Man, how did I avoid that joke for the past few years. “The Big Wheel” (panel sample above) is my Teddy & Anna comic book, which I began in 2004 and haven’t yet finished. It was a challenging project on a couple of fronts: a) it was the first long comic book story I’d tried since I was a teenager, and b) each page was about 4 feet high. The piece of paper at left in the window is 8 1/2″ x 11″.

The story was serialized in the windows of a cultural organization downtown; I would go and change out the pages a couple of times a week. The office was at the corner of the block, and it was cool to look out the window and see cars creep up to the intersection, as the drivers tried to figure out what the hell they were looking at in that window.
I should really finish that story up someday. The window space isn’t available anymore, but this newfangled internet thing might work for letting people read the comic.

Student animator Lewiss Needham interviews me about my animated serial Teddy & Anna. I worked obsessively on Teddy from roughly 2000-2004, running out of steam at Episode 7. Hopefully I’ll finish the storyline someday, though I don’t know if it will be in animated form.
Click through to the school’s main animation page to see student work and an interview with Naoki Mitsuse (creator of many Flash series and an inspiration to me when I started on Teddy.)
I also have a comic starring those two that needs finishing. I left them up in the air (they’re piloting a dirigible), getting hit by lightning from a giant Tesla coil. Here’s the first page of the story.

I’ve been posting various bits of junk on the interweb for seven years now, long enough to have forgotten about some of it.
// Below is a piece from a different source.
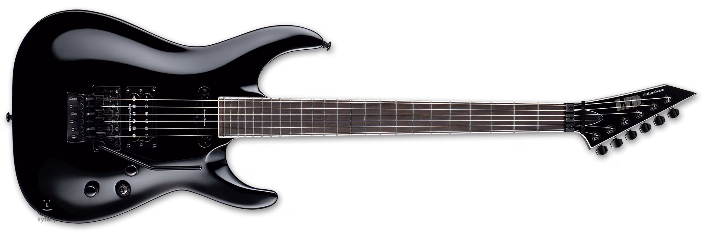 Le modèle HORIZON CTM '87 BLACK présente le corps en aulne arqué des guitares électriques ESP Horizon de la fin des années 80 et du début des années 90, ainsi qu'un manche étroit en érable moulé. Vingt-quatre frettes Extra Jumbo divisent la surface de la touche en macassar ébène.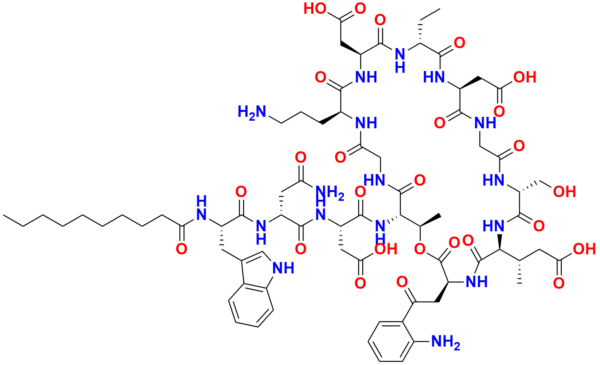 | Chemical name | 2, 2'-((3S, 6S, 9R, 15S, 18R, 21S, 24S, 30S, 31R)-30-((S)-2-((R)-4-Amino-2-((S)-2-decanamido-3-(1H-indol-3-yl)propanamido)-4-oxobutanamido)-3-carboxypropanamido)-3-(2-(2-aminophenyl)-2-oxoethyl)-24-(3-aminopropyl)-6-((S)-1-carboxypropan-2-yl)-18-ethyl-9-(hydroxyme |

Here’s a little animation thing (from waaaaaay back in … 2004) I just stumbled across, for my animated web cartoon Teddy & Anna:

http://www.teddyandanna.com/episodes/sketchbook2.html
Someday I hope to get back to Teddy and Anna. Animation’s just so time-consuming, though …


The monstrous guy is a character study for KBT; the other painting is part of my ongoing attempt to refine Anna’s character design. Here she’s looking more mischievous, which is what I’m looking for.